What is NetFoundry?
NetFoundry offers a comprehensive zero trust networking platform that enables organizations to implement Identity-First Connectivity™ across their digital infrastructure. The platform eliminates traditional VPNs and inbound firewall ports by establishing outbound-only connections that authenticate and authorize all endpoints before any IP connectivity occurs. This approach significantly reduces attack surfaces while simplifying network operations.
The solution provides software-based network overlays with distributed routing infrastructure available through NetFoundry's managed NaaS across 100+ PoPs or self-hosted on-premises deployments. It includes built-in PKI, identity provider flexibility, end-to-end encryption, and FIPS-compliant options. Developers can embed zero trust capabilities into applications using SDKs for multiple programming languages, enabling secure connectivity for APIs, IoT devices, and agentic AI components without exposing them to the internet.
Features
- Identity-Based Mutual TLS: Each connection is secured from the start with specific identity associations
- Outbound-Only Connections: No VPNs to set up and no inbound ports required on firewalls
- Software-Based Network Overlay: Distributed routing infrastructure with enterprise SLAs across 100+ PoPs
- Built-in PKI as a Service: X.509 based PKI with enrollment, revocation, and renewal capabilities
- End-to-End Encryption: Session-specific encryption keys sovereign to endpoints with FIPS-compliant options
- Network Access Control: Next-gen NAC that identifies, authenticates and authorizes every session before overlay access
- Identity-Based Visibility: Telemetry correlates identities and services rather than IP addresses
- Developer SDKs: Embed zero trust into applications using C, Go, C#, Java, JavaScript, Swift, and Python
Use Cases
- Replace site-to-site VPNs with zero trust connectivity
- Secure API and API gateway access without internet exposure
- Implement IT/OT segmentation and microsegmentation
- Provide secure customer connectivity for solution providers
- Enable secure agentic AI component networking
- Establish B2B connectivity without firewall rule changes
- Secure IoT and industrial device connectivity
- Implement zero trust remote access and management
FAQs
-
What is Identity-First Connectivity?
Identity-First Connectivity is NetFoundry's approach where all endpoints are authenticated and authorized before any IP connectivity occurs, replacing traditional IP-based networking with identity-based access control. -
How does NetFoundry differ from traditional VPNs?

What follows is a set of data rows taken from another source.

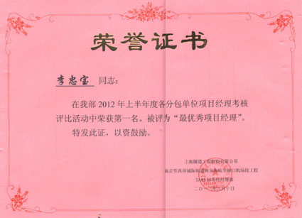 近日,在上海隧道工程股份有限公司南京至高淳城际轨道南京南站至禄口机场段工程TA05标项目经理部上半年开展的“立功竞赛评比”活动中,徐州基桩工程公司获“最优秀分包单位”荣誉,项目经理李忠宝荣获“最佳项目经理”称号。
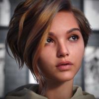 Nadine is ready to dive into action with a slender, athletic build and light-tan, highly detailed skin. Her face has a clear but soft jawline, high cheekbones, and a slim, straight nasal bridge. She's the perfect figure to add to your collection, whether you need a beach model, an athlete, or the girl next door; she's ready to shine.
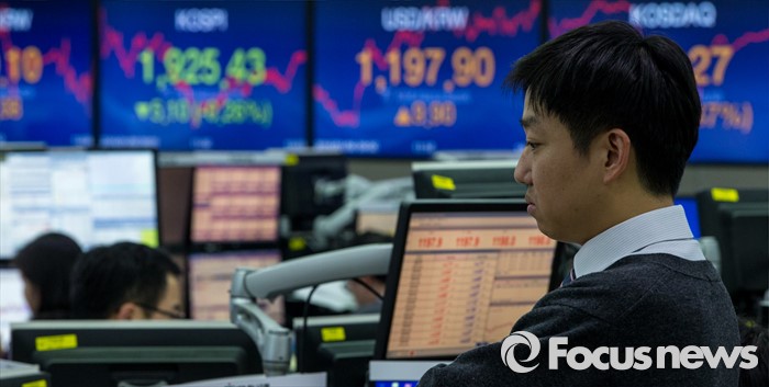(서울=포커스뉴스) 코스피 지수가 전거래일 보다 5.10포인트(0.26%) 하락한 1,925.43에 거래를 마치며, 북한의 수소탄 실험에도 1920선을 지킨 6일 오후 서울 중구 KEB하나은행 본점 딜링룸에서 딜러들이 업무를 보고 있다. 이날 원달러 환율은 전거래일 보다 9.9원 오른 1197.9원에 마감하며, 지난해 9월 1200.9원 이후 4개월 만에 최고치를 기록 했다.
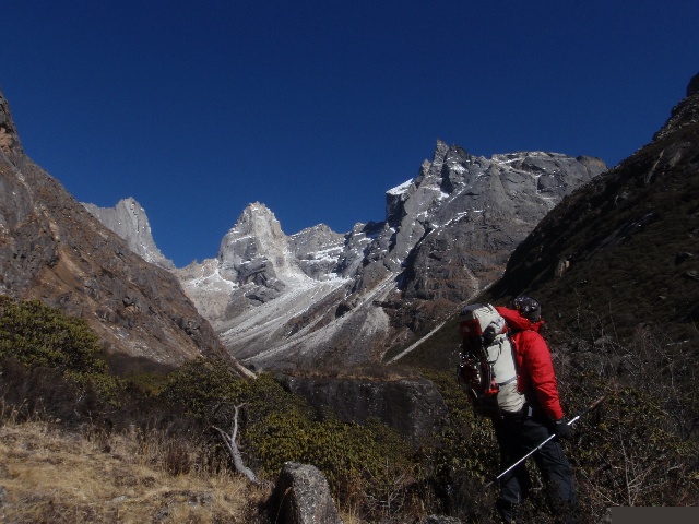 天亮(大概7:40左右)出发,负重并不轻:两个人各自的睡袋,一条双人露营袋,60米攀登绳,60米7毫米下降绳,岩石和冰雪保护器材,一天一夜的食品燃料和当天的饮水,加起来每个人的负重都在10公斤左右。

NetFoundry eliminates VPN setup requirements and inbound firewall ports by using outbound-only connections with identity-based mutual TLS, providing finer-grained access control and reducing attack surfaces. -
What deployment options are available?
NetFoundry offers both NaaS (Network as a Service) across 100+ global points of presence and self-hosted on-premises options, including air-gapped and hybrid deployments. -
Can NetFoundry secure APIs and agentic AI components?

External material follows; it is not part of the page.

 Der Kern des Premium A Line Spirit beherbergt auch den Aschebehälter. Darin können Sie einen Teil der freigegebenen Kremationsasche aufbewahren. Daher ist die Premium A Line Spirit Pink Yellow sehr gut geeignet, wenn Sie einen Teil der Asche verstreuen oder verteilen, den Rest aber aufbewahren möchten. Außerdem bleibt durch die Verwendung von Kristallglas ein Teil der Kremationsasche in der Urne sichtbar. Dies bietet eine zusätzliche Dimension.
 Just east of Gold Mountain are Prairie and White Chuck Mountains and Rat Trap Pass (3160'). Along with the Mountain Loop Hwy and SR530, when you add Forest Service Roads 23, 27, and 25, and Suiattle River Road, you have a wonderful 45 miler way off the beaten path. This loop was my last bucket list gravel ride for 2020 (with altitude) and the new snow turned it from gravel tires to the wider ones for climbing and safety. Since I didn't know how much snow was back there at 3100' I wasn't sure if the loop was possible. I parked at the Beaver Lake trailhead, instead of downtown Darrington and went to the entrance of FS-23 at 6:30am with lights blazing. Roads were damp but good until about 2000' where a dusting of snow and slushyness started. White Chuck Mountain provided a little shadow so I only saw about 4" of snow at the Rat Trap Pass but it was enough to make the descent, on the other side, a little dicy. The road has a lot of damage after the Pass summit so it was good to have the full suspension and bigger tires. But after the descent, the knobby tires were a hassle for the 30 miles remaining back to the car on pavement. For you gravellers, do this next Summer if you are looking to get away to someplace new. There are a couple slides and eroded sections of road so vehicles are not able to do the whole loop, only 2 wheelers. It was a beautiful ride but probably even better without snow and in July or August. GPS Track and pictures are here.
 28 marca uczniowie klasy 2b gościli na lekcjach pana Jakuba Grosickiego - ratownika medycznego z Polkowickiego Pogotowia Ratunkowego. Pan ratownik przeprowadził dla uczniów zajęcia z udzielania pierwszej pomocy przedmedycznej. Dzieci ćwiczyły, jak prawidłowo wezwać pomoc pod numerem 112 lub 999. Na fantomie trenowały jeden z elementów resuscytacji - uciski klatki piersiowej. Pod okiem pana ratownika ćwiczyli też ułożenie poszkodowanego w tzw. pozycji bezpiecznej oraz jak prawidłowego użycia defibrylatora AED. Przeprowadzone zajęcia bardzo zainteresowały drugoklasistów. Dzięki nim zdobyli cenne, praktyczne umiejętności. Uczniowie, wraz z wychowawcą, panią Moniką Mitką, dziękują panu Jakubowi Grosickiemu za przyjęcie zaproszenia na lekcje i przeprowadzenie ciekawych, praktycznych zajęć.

Yes, NetFoundry makes APIs, API gateways, and agentic AI components unreachable from the internet by providing connectivity based on identities, authorization, and mutual TLS. -
What programming languages are supported for embedding zero trust?
NetFoundry provides SDKs for C, Go, C#, Java, JavaScript/Node.js, Swift, and Python to embed zero trust capabilities directly into applications.